Judy Burke said she has checked School Board records, and the school was in use as late as 1954. She said she never attended the school, but her father did. When he died early in the summer, the family asked for memorial donations to be made to the cause, and Mrs. Burke said that was quite successful.

The total cost of the renovation is estimated at $20,000 to $25,000.

Rescue Captain Charlotte Turnmeyer was please to show off Flint Hill’s new ambulance last Thursday.

The $102,000 advanced life support  unit, a 1996 Ford E450, was purchased with the help of a $62,000 grant from the State of Virginia Emergency Medical Services Division. Money from fundraisers also went to pay for it. Mrs. Turnmeyer and her husband flew to Alabama, picked up the vehicle, and drove it back home.
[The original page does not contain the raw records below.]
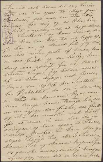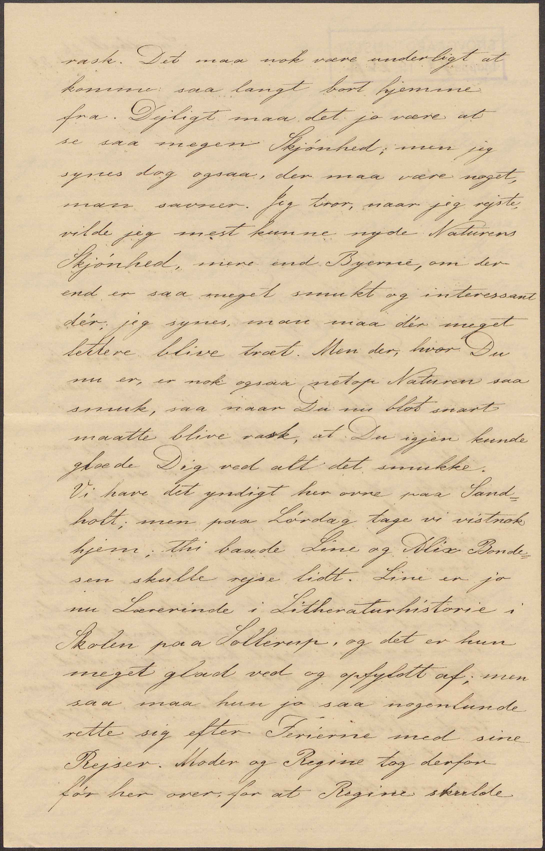 rask. Det maa nok være underligt at komme saa langt bort hjemme fra. Dejligt maa det jo være at se saa megen Skjønhed; men jeg synes dog ogsaa, der maa være noget, man savner. Jeg tror, naar jeg rejste, vilde jeg mest kunne nyde Naturens Skjønhed, mere end Byerne, om der end er saa meget smukt og interessant dér, jeg synes, man maa dér meget lettere blive træt. Men der, hvor Du nu er, er nok ogsaa netop Naturen saa smuk, saa naar Du nu blot snart maatte blive rask, at Du igjen kunde glæde Dig ved alt det smukke. Vi have det yndigt her ovre paa Sandholt; men paa Lørdag tage vi vistnok hjem; thi baade Line og Alix Bondesen skulle rejse lidt. Line er jo nu Lærerinde i Litheraturhistorie i Skolen paa Sotterup, og det er hun meget glad ved og opfyldt af; men saa maa hun jo saa nogenlunde rette sig efter Ferierne med sine Rejser. Moder og Regine tog derfor før her over for at Regine skulde
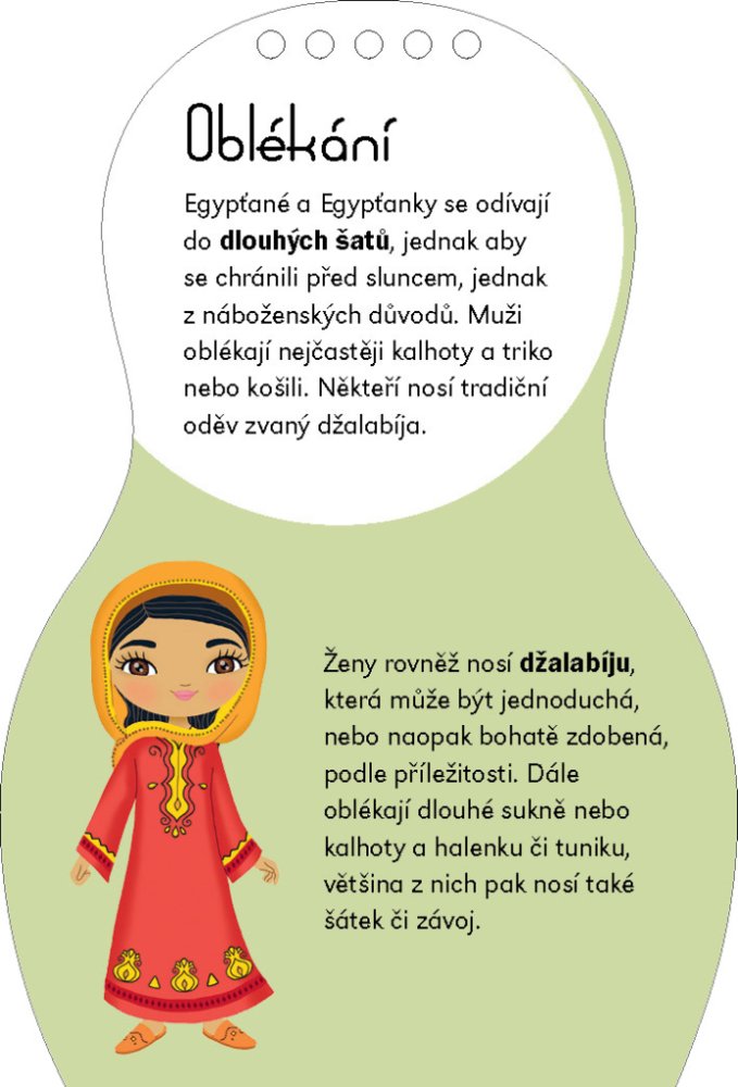 Další titul oblíbené série, která našla své obdivovatele v desítkách zemí světa, představuje malým čtenářům kouzlo Egypta prostřednictvím panenky Farah. Kreativní omalovánky, spousta samolepek… knížka obsahuje vše, co je třeba k vytvoření nesčetných modelů podle egyptské módy. A k tomu se děti dočtou i spoustu zajímavých informací navrch! Jak se jejich vrstevníci v Egyptě zdraví, jak se tam učí, na jakých specialitách si pochutnávají? Víte, co je to košarí nebo džalabíja? To a ještě mnohem víc se dozvíte, vydáte-li se za poznáním s našimi panenkami. A ke každé knížce dostanete krásný náramek pro štěstí!
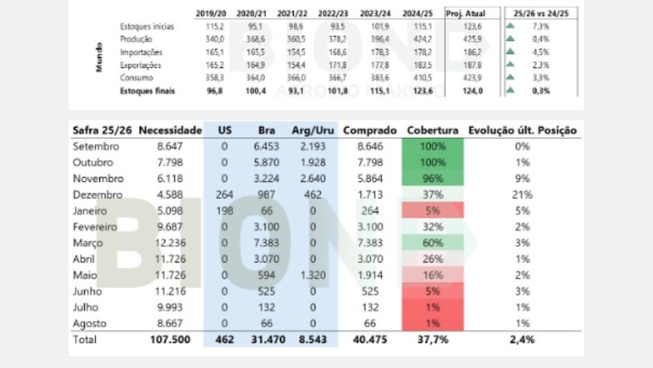 Os Estados Unidos possuem a expectativa de uma uma safra cheia, mas enfrentam lentidão nas exportações, enquanto o Brasil caminha para novo recorde, com produção estimada em 177 milhões de toneladas. Essa abundância mantém os estoques elevados e reduz os prêmios nos portos brasileiros, o que limita novas altas de preço.
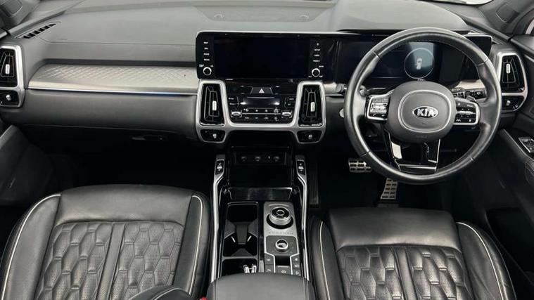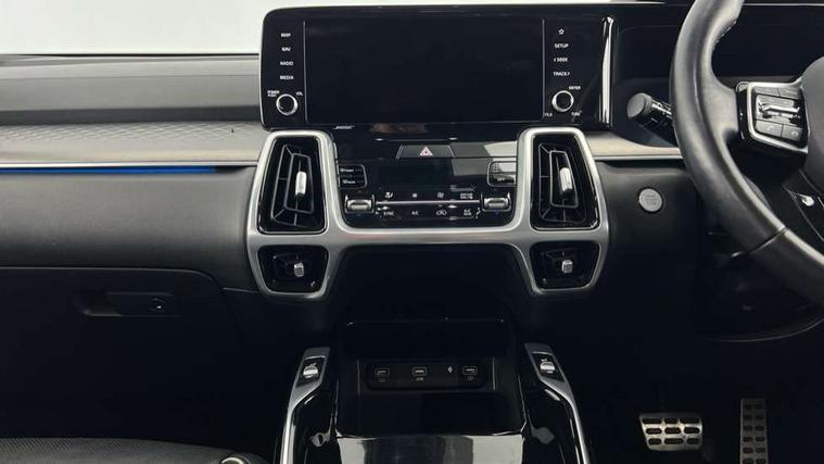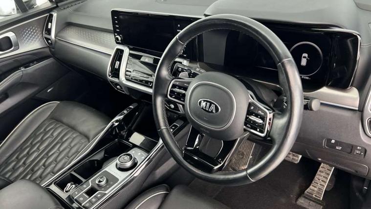 10.25" Touchscreen Satellite Navigation with DAB, 360 degree around view monitor, Apple car play/Android Auto with voice control, Blind spot collision avoidance assist, Blind spot monitor camera, Customisable Head Up Display, Digital cockpit, Drive mode selector, Driver attention warning, eCall emergency system, Emergency stop signalling system, External temperature gauge, Forward Collision-Avoidance Assist (FCA) - City/Pedestrian, Front parking sensors, Highway Driving Assist (HDA), Intelligent speed limit assist, Lane follow assist, Manual speed limit assist (MLSA), Parking collision avoidance assist (PCA), PAS, Rack mounted power steering, Rear parking sensor, Reversing camera system with dynamic guidelines (Integrated into centre fascia screen), Smart cruise control with stop and go functionality, Smart power tailgate, Telematics system with UVO connect services, Trip computer, Wireless Smartphone charger, Intelligent All-wheel drive, Self levelling rear suspension, Terrain mode select (Mud, Snow, Sand), Bose premium sound system with 12 speakers and subwoofer, Multi device Bluetooth connection with voice recognition and music streaming, Radio/MP3 player, Steering wheel mounted audio controls, USB port for connection of a media device, All round electric windows auto up/down function, Auto dimming rear view mirror, Automatic defog system, Automatic headlights control, Black side sill and wheel arch body mouldings, Body colour door mirrors, Body coloured bumpers, Electrically folding/adjustable/heated door mirrors with LED indicators, Exterior grab door handles, Front and rear silver skid plates, Gloss black radiator grille, Headlamp levelling, Heated rear window, Heated rear windscreen, LED Bi-Function headlights, LED daytime running lights, LED front fog lights, LED High-mounted Brake Light, LED rear combination lights, LED rear fog lights, Panoramic sunroof with tilt/slide function and automatic electric roll blinds, Privacy glass, Rain sensing front wipers, Rear spoiler, Roof rails, Satin chrome exterior door handles, Trailer stability assist, Windscreen Washer Level Warning, 1 x 3rd Row USB charge port, 10 way power adjustable driver seat with 4 way electric lumbar support and integrated memory system, 2 x 2nd Row USB charge port, 2 x Front row USB charge port, 2nd row window blinds, 3 x passenger assist grips, 50/50 split/folding 3rd row of seats, 60:40 split remote folding and reclining 2nd row seats, 8 way power adjustable front passenger seat with 2 way electric lumbar (sliding, reclining, tilt, height), Air conditioning for 3rd row of seats, Ambient lighting, Center fascia premium etching, Centre console cupholder, Centre console storage box and armrest, Cupholders in rear armrest, Door scuff plate, Dual zone automatic air conditioning, Front and rear door storage, Front cabin LED lights with sunglass holder, Front seat and rear pockets, Gearshift paddles, Heated front seats, Heated steering wheel, Height adjustable head restraints, Illuminated glovebox, Interior door lock/unlock function, ISOFIX Child seat top tethers and anchor fixings, Leather trimmed steering wheel, Light grey headlining, Load area cover, Luggage area LED light, Luggage net hooks, Metal pedals, Nappa leather upholstery, Outer 2nd row heated seats, Passenger walk-in switch, Rear air vents, Rear centre armrests, Sunvisors with vanity mirror illumination (Driver and front passenger), Tilt/telescopic adjustable steering wheel, Ventilated front seats, 3 point seatbelts on all seats, ABS/EBD, Active front headrests, Downhill brake control, Electronic parking brake with auto hold, Electronic stability control, Front center airbag, Front passenger airbag cut-off switch, Front seatbelt pretensioners, Height adjustable front seatbelts, Hill start assist control (HAC), Impact sensing auto door unlocking, Multi collision brake assist, Rear door child safety locks, Twin curtain airbags, Twin front airbags, Twin front side airbags, Tyre pressure monitoring system, Advanced anti theft alarm system, Deadlocks, Engine Start/Stop Button with Smart Entry System, Immobiliser, Locking wheel nuts, Visible vehicle identification number, 19" Alloy wheels, Temporary spare wheel (space saver),
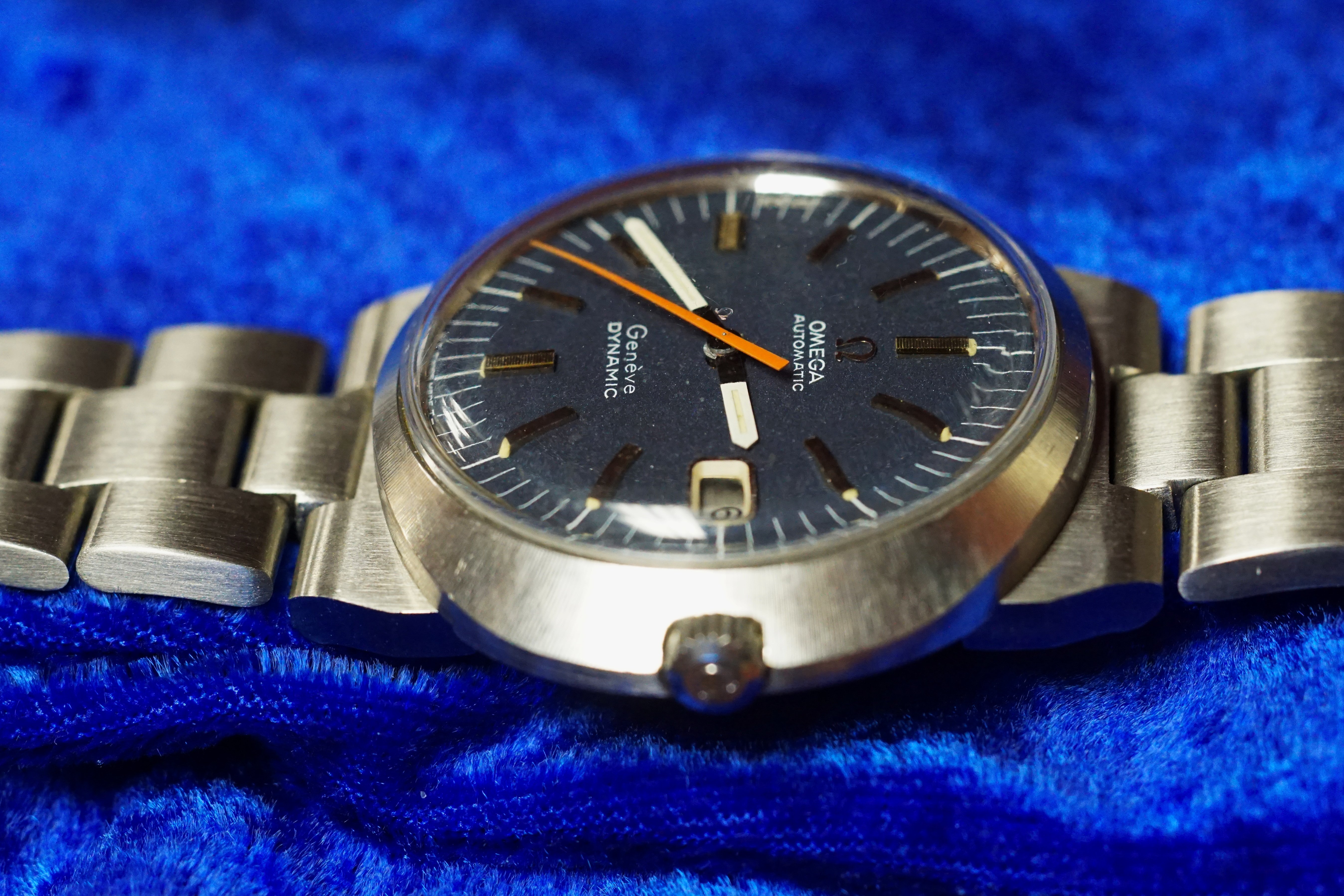The Corfam strap that came with this watch was completely wore out. I have purchased a few of the reproductions, but they will only fit my wrist at the last hole, and are uncomfortable. The bracelet that I have fitted to this watch is a solid stainless reproduction that I source from the UK. It is a perfect fit to the retaining ring and slot on the case back. And it is demonstrably better than the Omega version. Granted, the original was from an era where most bracelets had folded links but, I own one on another Dynamic (too short of course), not only is it loose and jangly, the center links can be easily dented. Also it appears that you may have to unfold the links to size it. So I am perfectly content to sport this with a faux bracelet. I will provide an email to the seller for anyone who asks.
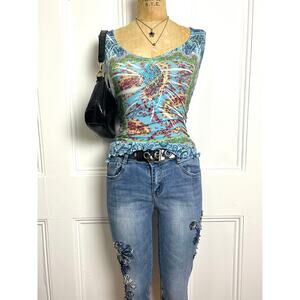 Live and let live Bohochic multicolor retro print rank with studded front decoration, have a ruffled edge, says M but it’s altered to an S🦋
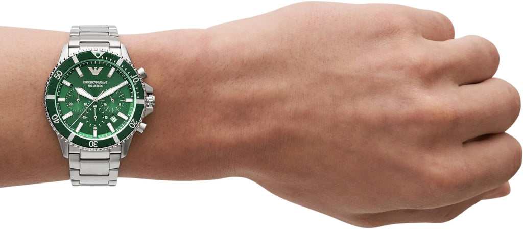 Emporio Armani Diver Chronograph Green Dial Silver Steel Strap Watch For Men - AR11500 Buy Now By Emporio Armani
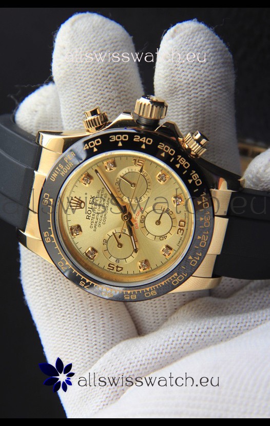 You're reviewing: Rolex Daytona Japanese Movement Gold Casing Replica Watch in Gold Dial
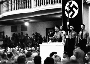 Hitler während einer Rede im Bürgerbräukeller in München zur Gedenkfeier am 8./9. November 1937. (Bayerische Staatsbibliothek, Bildarchiv hoff-31552)
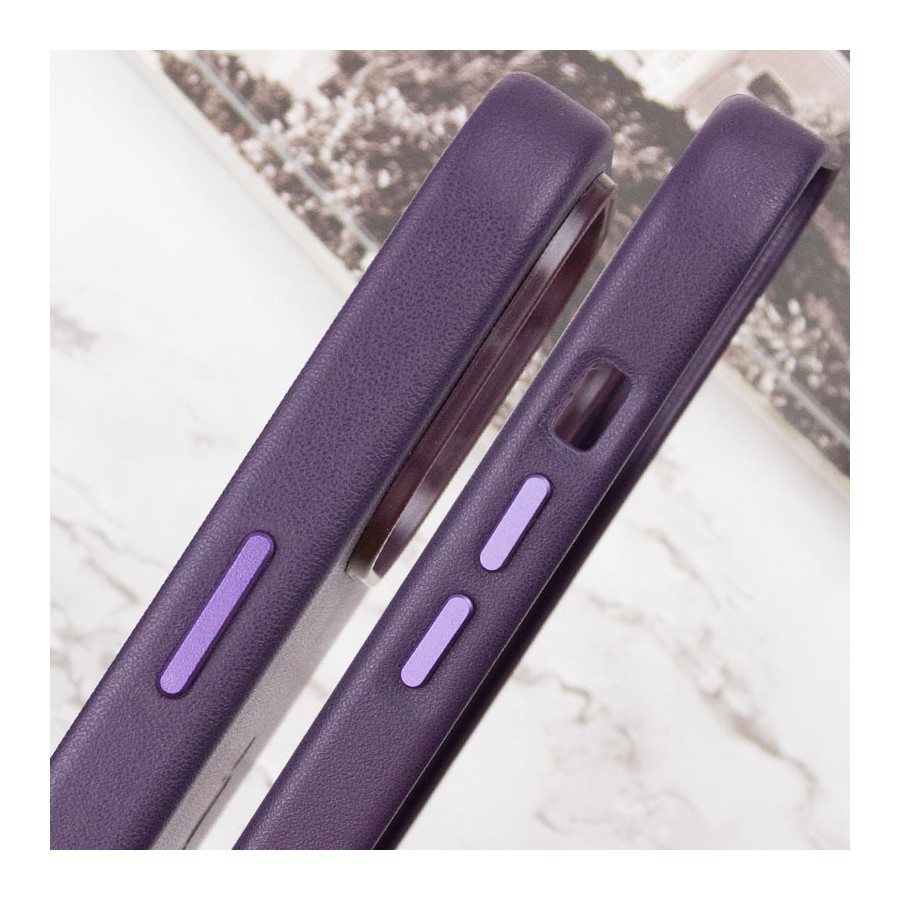 Шкіряний чохол Leather Case (AAA) with MagSafe and Animation для Apple iPhone 15 (6.1") Dark Purple
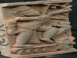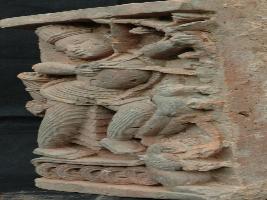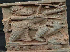 | Description / विवरण | The plaque depicts a scene from Ramayana , is featuring Rama in fighting posture, holding bow and arrow by both the hands and wearing Dhoti , headdress, elongated earrings and garland.Hanumana is standing in front of him. |
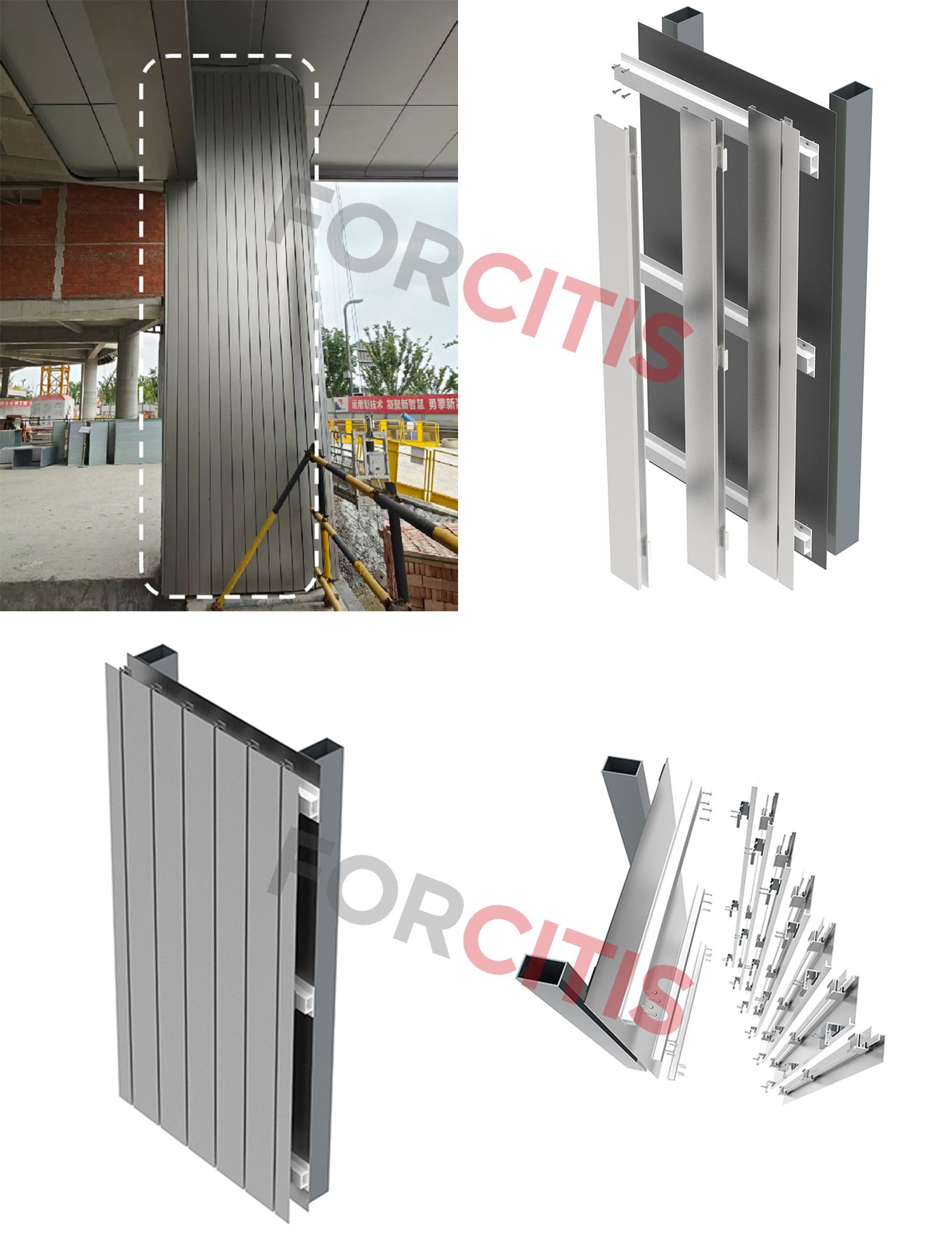 The stainless steel pillars at the lobby entrance feature an open buckle design, allowing stress to be released between panels and adapting to minor changes in the substrate through hanging, thus ensuring the ultimate flatness of the facade.
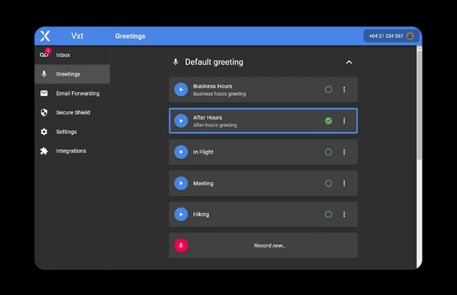 Vxt is a voicemail platform that features email forwarding, smart voicemail greetings and advanced security.
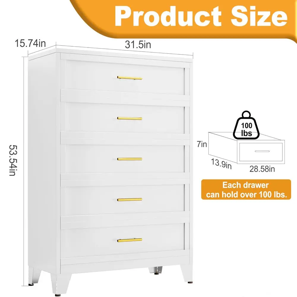 Dresser, White Tall Dresser for Bedroom, 53.54 H Dressers amp Chests of Drawers, 5 Drawer Dressers for Living Room, Entryway, H
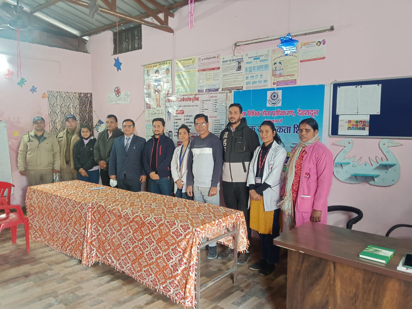 शिविर में कनिष्क सर्जिकल एंड सुपर स्पेशिलिटी हॉस्पिटल, देहरादून के डॉक्टर दिव्यम, नर्स सविता, निहारिका एवं राजेश द्वारा शिविर में उपस्थित हुए व्यक्तियों एवं बालकों का स्वास्थ्य परीक्षण किया गया तथा उन्हें निःशुल्क दवाईयां भी वितरित की गई वहीं शिविर में हर्ष यादव, सचिव जिला विधिक सेवा प्राधिकरण देहरादून ने शिविर में उपस्थित व्यक्तियों को प्राधिकरण से मिलने वाली निशुल्क विधिक सहायता नालसा पोर्टल, नालसा स्कीम, नालसा हेल्पलाईन नं०, प्रतिकर योजनाओं आदि के संबंध में जानकारी दी ।

Bob and Helen Bridges have put 277 acres of their land between Washington and Sperryville into easement, including their end of Jenkins Mountain, their pastures and ponds, and their frontage on both sides of the Covington River.

“Wouldn’t it be horrible to see this subdivided, to see 20 or 30 houses?” Mr. Bridges said gesturing towards the spectacular view from “Eagle’s Nest,” their mountaintop home, which also serves a a bed and breakfast.

“It’s heaven. That’s what it is…We’re only caretakers of this land. If you don’t do something to protect it while you’re alive, you don’t know what might happen to it in the future,” he said.

The Bridges have four daughters and 11 grandchildren, whom they say understand why the land they will inherit has been put into easement.